→ **Problem statement**:
Starting at the line below with "预接待厅地面瓷砖采用 威尼斯白 与" and stopping at the line with "6月下旬,安徽交航合肥軌道交", please print each line exactly, those two included, and skip every picture.

→ **Supplied information**:
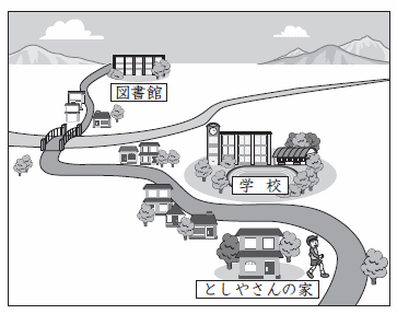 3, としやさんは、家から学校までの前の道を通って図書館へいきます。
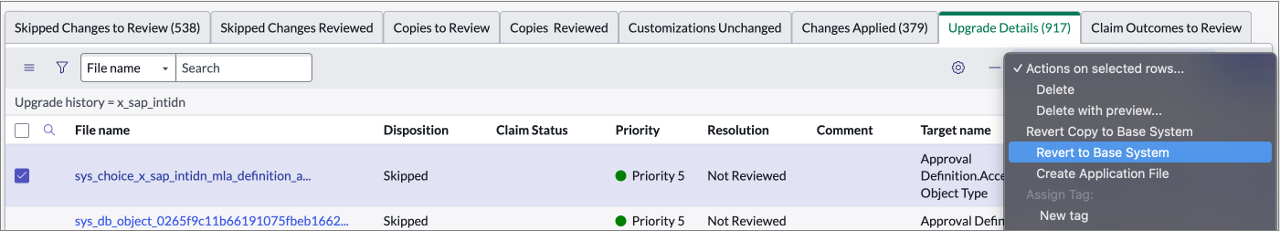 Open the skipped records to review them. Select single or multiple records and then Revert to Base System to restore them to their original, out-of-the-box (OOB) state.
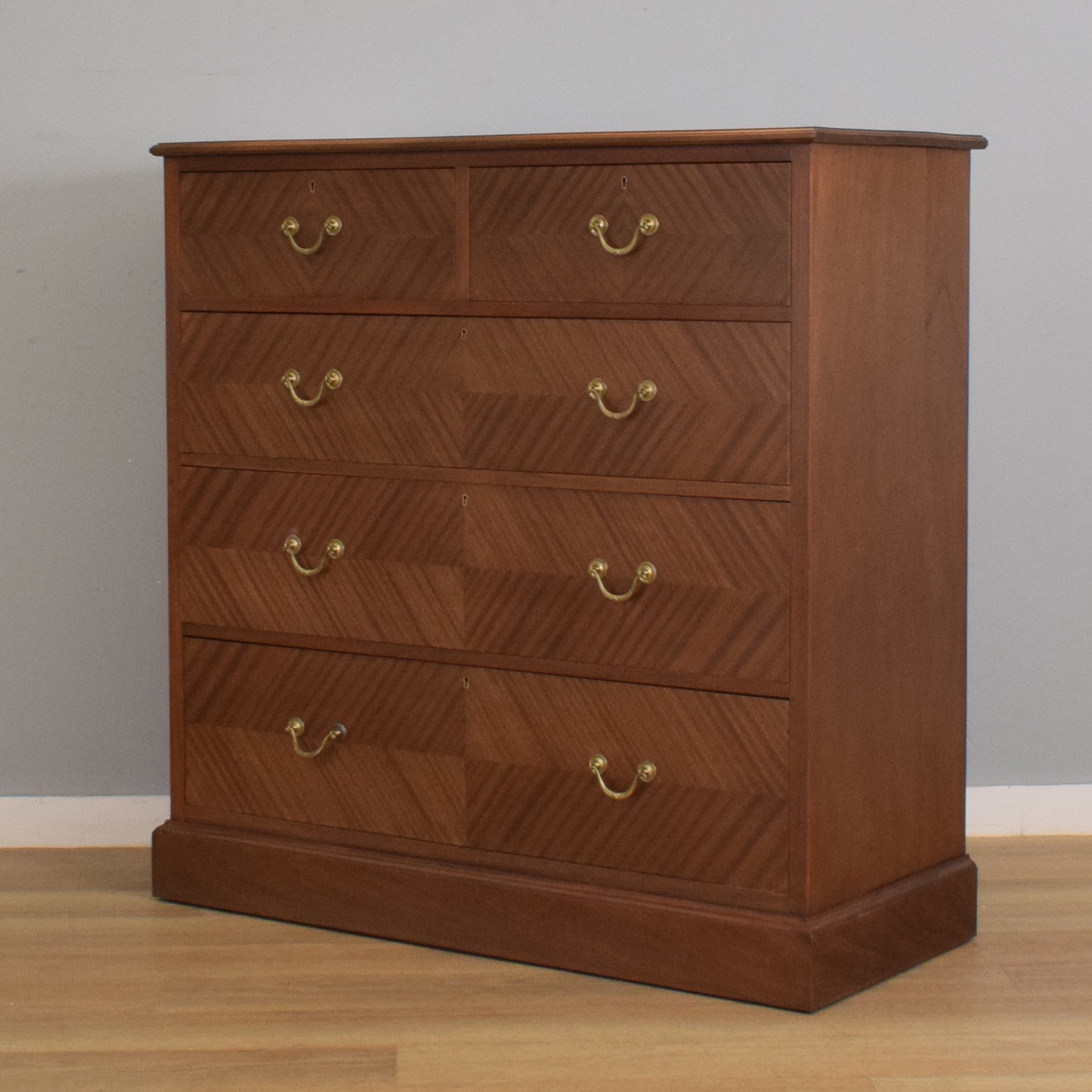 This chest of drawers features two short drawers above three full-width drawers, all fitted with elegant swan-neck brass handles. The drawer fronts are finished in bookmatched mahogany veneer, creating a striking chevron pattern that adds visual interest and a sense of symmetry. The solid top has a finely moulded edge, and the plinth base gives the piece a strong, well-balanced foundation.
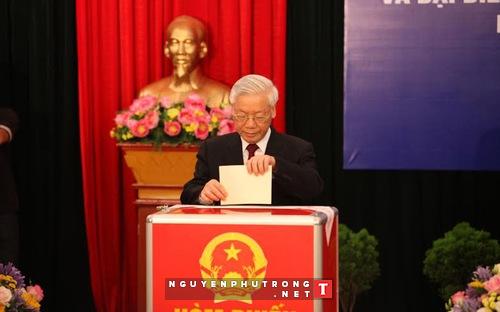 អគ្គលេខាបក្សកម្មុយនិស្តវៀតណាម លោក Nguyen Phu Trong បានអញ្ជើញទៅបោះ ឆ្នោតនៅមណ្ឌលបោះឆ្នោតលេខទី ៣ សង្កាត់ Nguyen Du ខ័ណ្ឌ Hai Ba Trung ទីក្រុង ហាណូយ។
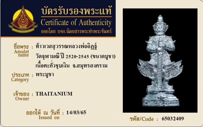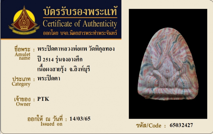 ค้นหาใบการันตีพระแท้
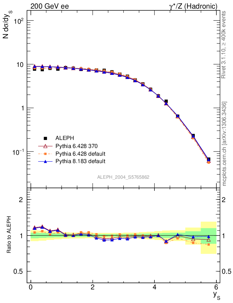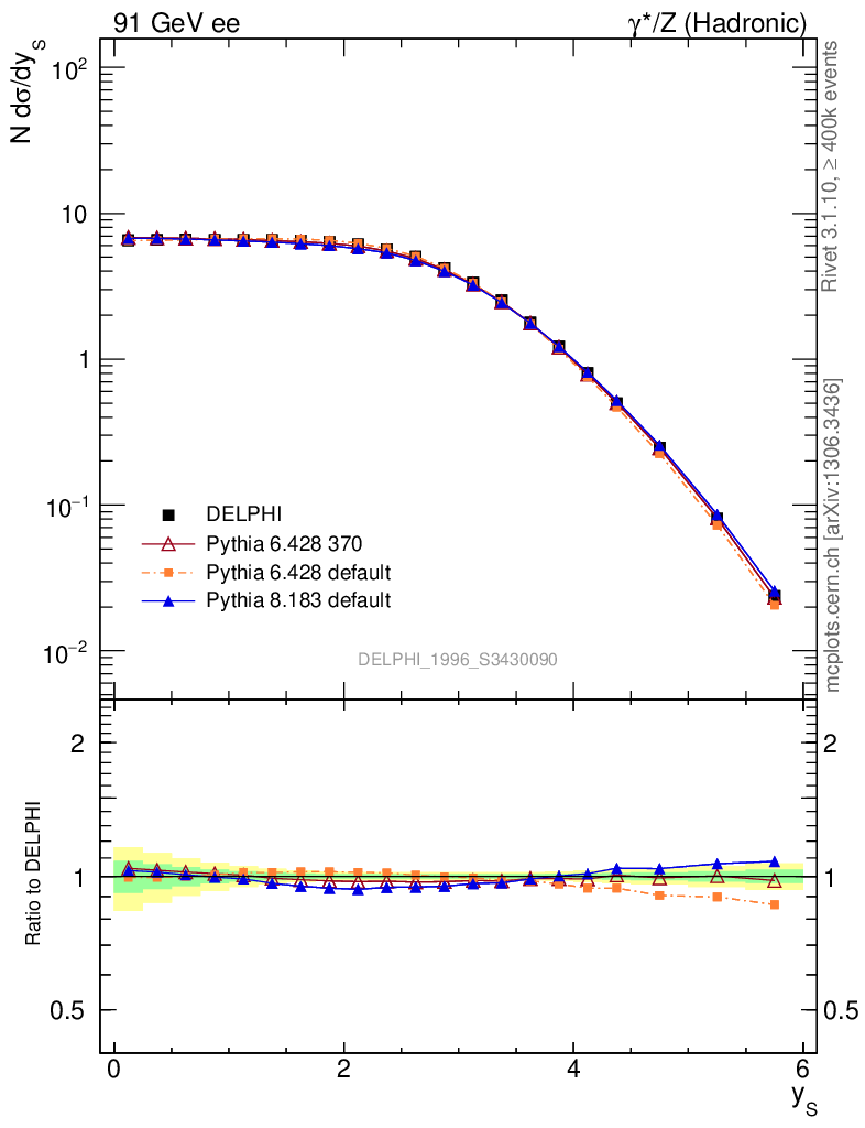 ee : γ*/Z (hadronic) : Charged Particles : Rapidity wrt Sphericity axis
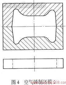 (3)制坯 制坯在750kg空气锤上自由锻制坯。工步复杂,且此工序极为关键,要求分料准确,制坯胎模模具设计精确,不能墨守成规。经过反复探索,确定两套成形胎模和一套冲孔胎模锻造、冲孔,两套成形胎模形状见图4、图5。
---
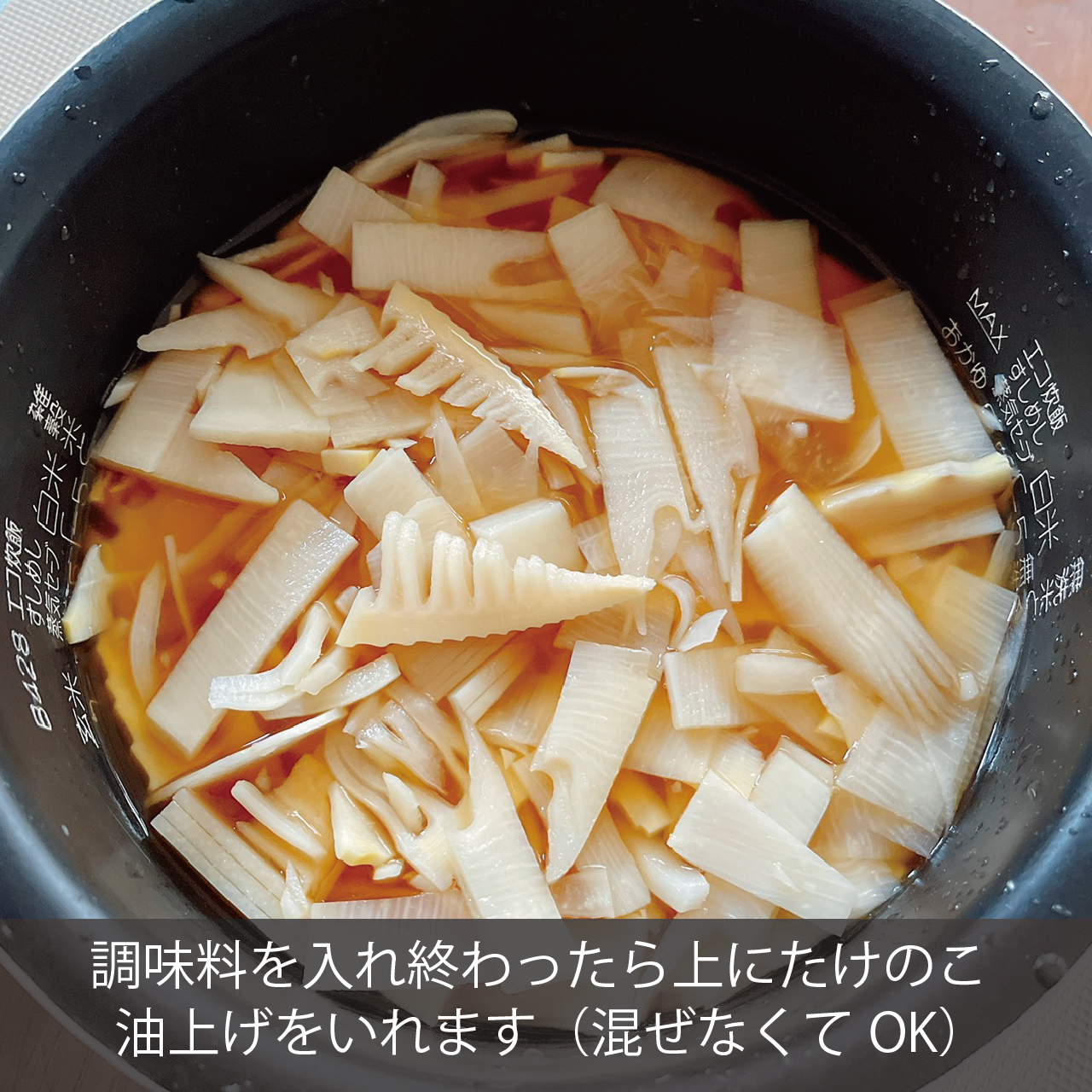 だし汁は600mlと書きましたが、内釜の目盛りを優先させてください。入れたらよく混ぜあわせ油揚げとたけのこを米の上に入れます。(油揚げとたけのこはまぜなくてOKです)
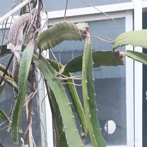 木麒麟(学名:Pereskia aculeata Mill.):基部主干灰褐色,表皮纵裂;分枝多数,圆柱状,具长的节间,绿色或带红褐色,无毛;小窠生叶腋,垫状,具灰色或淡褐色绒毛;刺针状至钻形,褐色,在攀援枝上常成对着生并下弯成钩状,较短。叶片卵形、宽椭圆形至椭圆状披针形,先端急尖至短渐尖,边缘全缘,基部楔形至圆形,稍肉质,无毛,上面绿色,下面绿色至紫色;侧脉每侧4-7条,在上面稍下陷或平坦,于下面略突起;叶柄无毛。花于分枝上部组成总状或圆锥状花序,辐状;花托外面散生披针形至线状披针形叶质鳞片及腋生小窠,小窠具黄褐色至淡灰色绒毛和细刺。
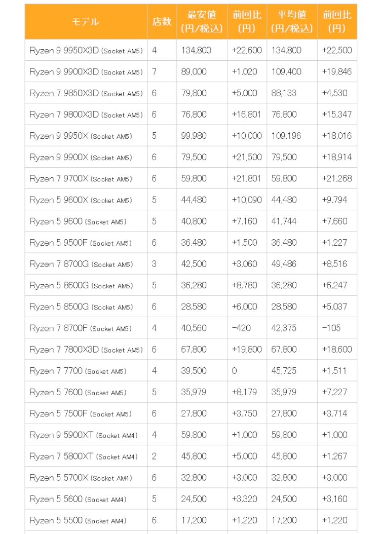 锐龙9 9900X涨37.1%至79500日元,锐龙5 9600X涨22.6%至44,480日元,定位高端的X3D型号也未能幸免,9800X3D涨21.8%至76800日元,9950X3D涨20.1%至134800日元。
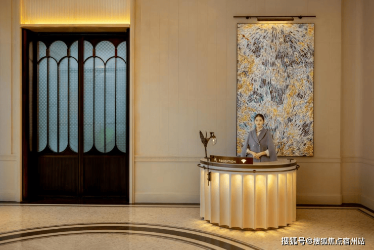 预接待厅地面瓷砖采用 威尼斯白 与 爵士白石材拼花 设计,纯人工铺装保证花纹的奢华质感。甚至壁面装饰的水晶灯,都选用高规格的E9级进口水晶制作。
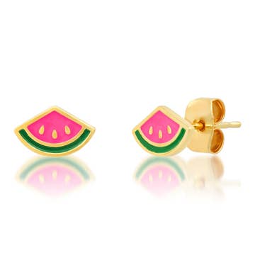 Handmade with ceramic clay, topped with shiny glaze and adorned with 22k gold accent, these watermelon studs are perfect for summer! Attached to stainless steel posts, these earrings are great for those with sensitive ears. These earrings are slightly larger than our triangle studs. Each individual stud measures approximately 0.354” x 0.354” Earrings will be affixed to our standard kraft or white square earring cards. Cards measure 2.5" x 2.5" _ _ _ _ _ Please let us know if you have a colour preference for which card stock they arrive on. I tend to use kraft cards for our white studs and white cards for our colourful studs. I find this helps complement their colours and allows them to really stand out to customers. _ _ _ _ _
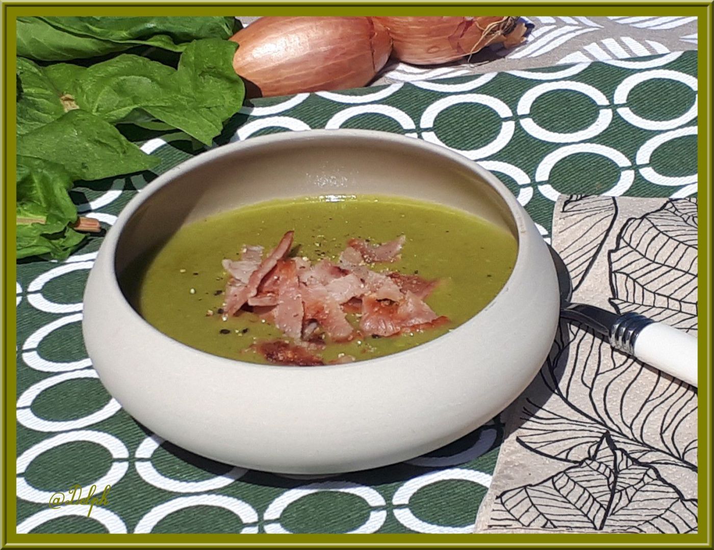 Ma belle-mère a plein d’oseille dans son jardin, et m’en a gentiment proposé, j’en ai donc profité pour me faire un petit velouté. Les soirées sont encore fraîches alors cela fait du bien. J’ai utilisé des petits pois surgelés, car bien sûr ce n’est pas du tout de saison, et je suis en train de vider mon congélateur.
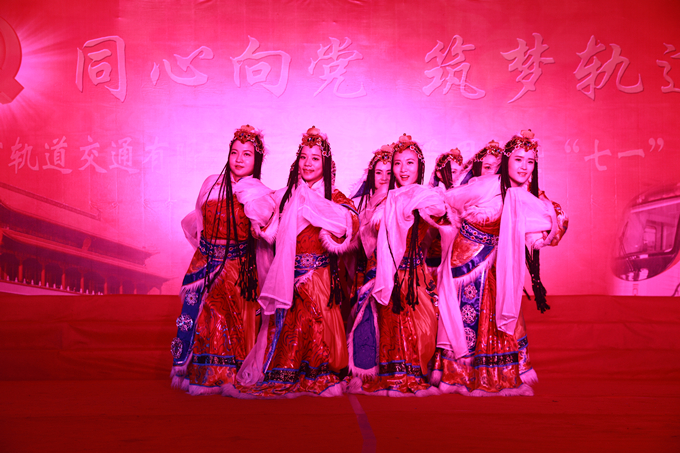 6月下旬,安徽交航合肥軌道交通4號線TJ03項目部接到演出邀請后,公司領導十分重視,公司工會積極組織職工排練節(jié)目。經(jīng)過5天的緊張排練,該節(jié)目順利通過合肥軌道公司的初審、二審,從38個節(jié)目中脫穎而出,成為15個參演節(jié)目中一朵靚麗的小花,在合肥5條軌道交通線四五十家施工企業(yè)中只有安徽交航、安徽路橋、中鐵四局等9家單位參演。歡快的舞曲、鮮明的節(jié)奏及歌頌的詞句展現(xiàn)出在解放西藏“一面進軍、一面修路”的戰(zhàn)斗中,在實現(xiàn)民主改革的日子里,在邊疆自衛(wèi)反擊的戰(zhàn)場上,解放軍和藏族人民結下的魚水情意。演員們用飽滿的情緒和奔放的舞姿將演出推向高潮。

→ **Output for this exercise**:
 预接待厅地面瓷砖采用 威尼斯白 与 爵士白石材拼花 设计,纯人工铺装保证花纹的奢华质感。甚至壁面装饰的水晶灯,都选用高规格的E9级进口水晶制作。
 Handmade with ceramic clay, topped with shiny glaze and adorned with 22k gold accent, these watermelon studs are perfect for summer! Attached to stainless steel posts, these earrings are great for those with sensitive ears. These earrings are slightly larger than our triangle studs. Each individual stud measures approximately 0.354” x 0.354” Earrings will be affixed to our standard kraft or white square earring cards. Cards measure 2.5" x 2.5" _ _ _ _ _ Please let us know if you have a colour preference for which card stock they arrive on. I tend to use kraft cards for our white studs and white cards for our colourful studs. I find this helps complement their colours and allows them to really stand out to customers. _ _ _ _ _
 Ma belle-mère a plein d’oseille dans son jardin, et m’en a gentiment proposé, j’en ai donc profité pour me faire un petit velouté. Les soirées sont encore fraîches alors cela fait du bien. J’ai utilisé des petits pois surgelés, car bien sûr ce n’est pas du tout de saison, et je suis en train de vider mon congélateur.
 6月下旬,安徽交航合肥軌道交通4號線TJ03項目部接到演出邀請后,公司領導十分重視,公司工會積極組織職工排練節(jié)目。經(jīng)過5天的緊張排練,該節(jié)目順利通過合肥軌道公司的初審、二審,從38個節(jié)目中脫穎而出,成為15個參演節(jié)目中一朵靚麗的小花,在合肥5條軌道交通線四五十家施工企業(yè)中只有安徽交航、安徽路橋、中鐵四局等9家單位參演。歡快的舞曲、鮮明的節(jié)奏及歌頌的詞句展現(xiàn)出在解放西藏“一面進軍、一面修路”的戰(zhàn)斗中,在實現(xiàn)民主改革的日子里,在邊疆自衛(wèi)反擊的戰(zhàn)場上,解放軍和藏族人民結下的魚水情意。演員們用飽滿的情緒和奔放的舞姿將演出推向高潮。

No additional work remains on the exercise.